Biomass is, once again, dependent on solar power, which is itself too diffuse to supply the high intensity energy required for transportation. Only nuclear energy is sufficiently concentrated to supply the necessary energy in the amounts we need.
Non-physicists don’t think about energy correctly. Nobel laureate Richard Feynman, in one of his popular books, emphasized the correct way to think about energy: it is something that can be transformed from one form to another. Thus all current energy is ultimately nuclear energy, either nuclear fusion energy from the Sun or fission energy from nuclear reactors. Fission energy in turn is really stored gravitational collapse energy from supernovae, and solar hydrogen fusion is just the release of energy stored in protons created in the very early universe.
With synthetic gasoline we are just transferring the energy stored in uranium or thorium into the chemical bonds of hydrocarbons. The carbon and hydrogen are never used, just endlessly recycled through the atmosphere. In effect, using synthetic gasoline, we would run our cars on nuclear energy. But we are really doing that now.
With synthetic gasoline we need not incur the capital cost needed to switch to ethanol or hydrogen fuel cells or whatever. Ultimately these alternative stores of transportation energy would require a non-diffuse energy source, and the only such source is nuclear energy. So we will have to build the reactors anyway. Why not use a store of transportation energy that uses the current transportation infrastructure?

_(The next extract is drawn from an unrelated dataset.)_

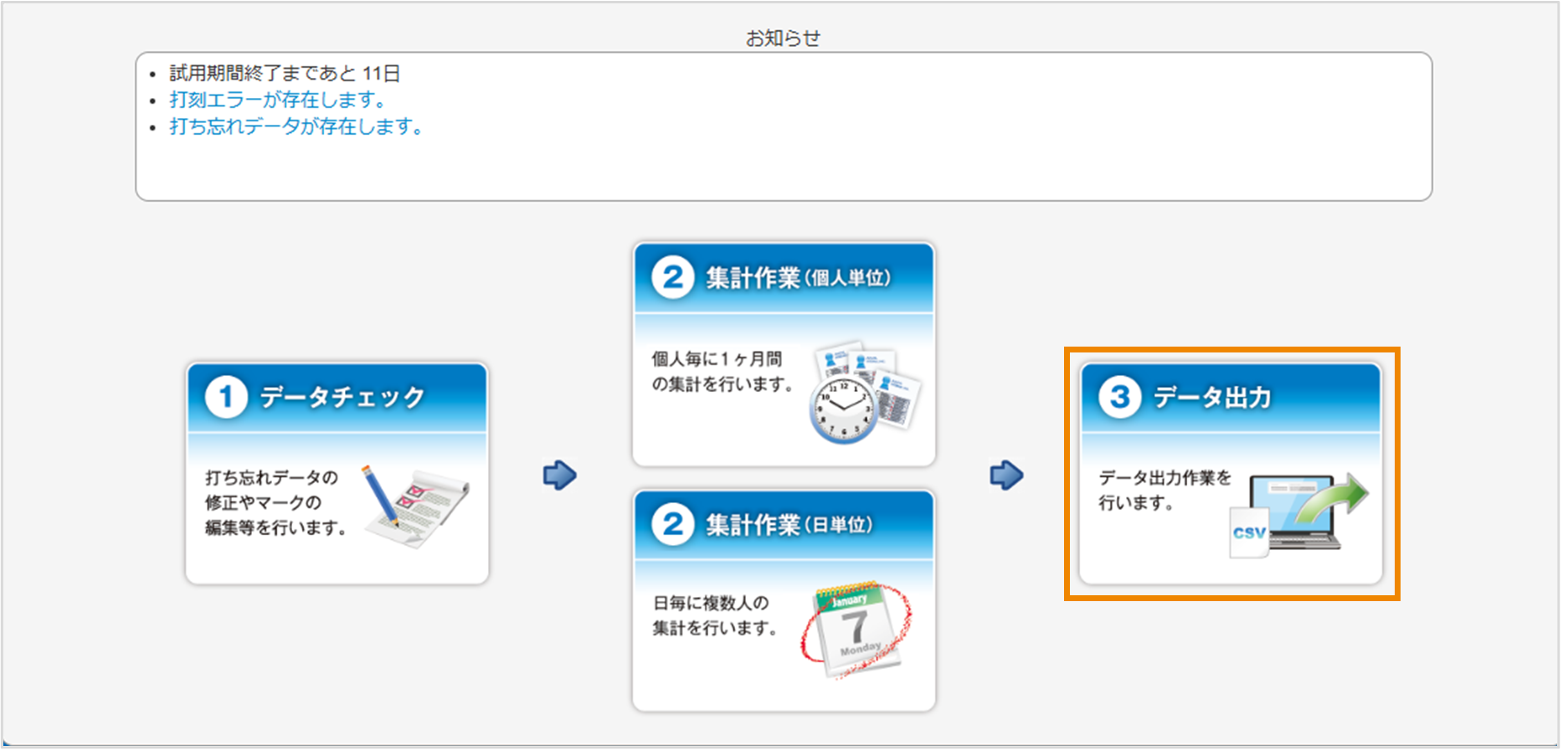 打刻/集計データ出力(CSV)

The free market would build the nuclear reactors, if it were allowed to do so. Only regulation and lawsuit threat keeps the CO2 and foreign oil problems unsolved. Instead of the free market, we have ridiculous government mandates for ethanol from grains. Even libertarians and conservatives like Newt Gingrich have bought into the anti-free market idea of mandating automobiles that run on multiple sources of energy. The free market knows that gasoline is the most efficient form of energy storage for transportation, given foreseeable technology, and won’t go along with Gingrich, T. Boone Pickens, and others without the application of government coercion.
Think of the alternative energy storage proposals as alternative scientific theories. Only false theories have to be imposed by force. People can always be persuaded to accept true theories.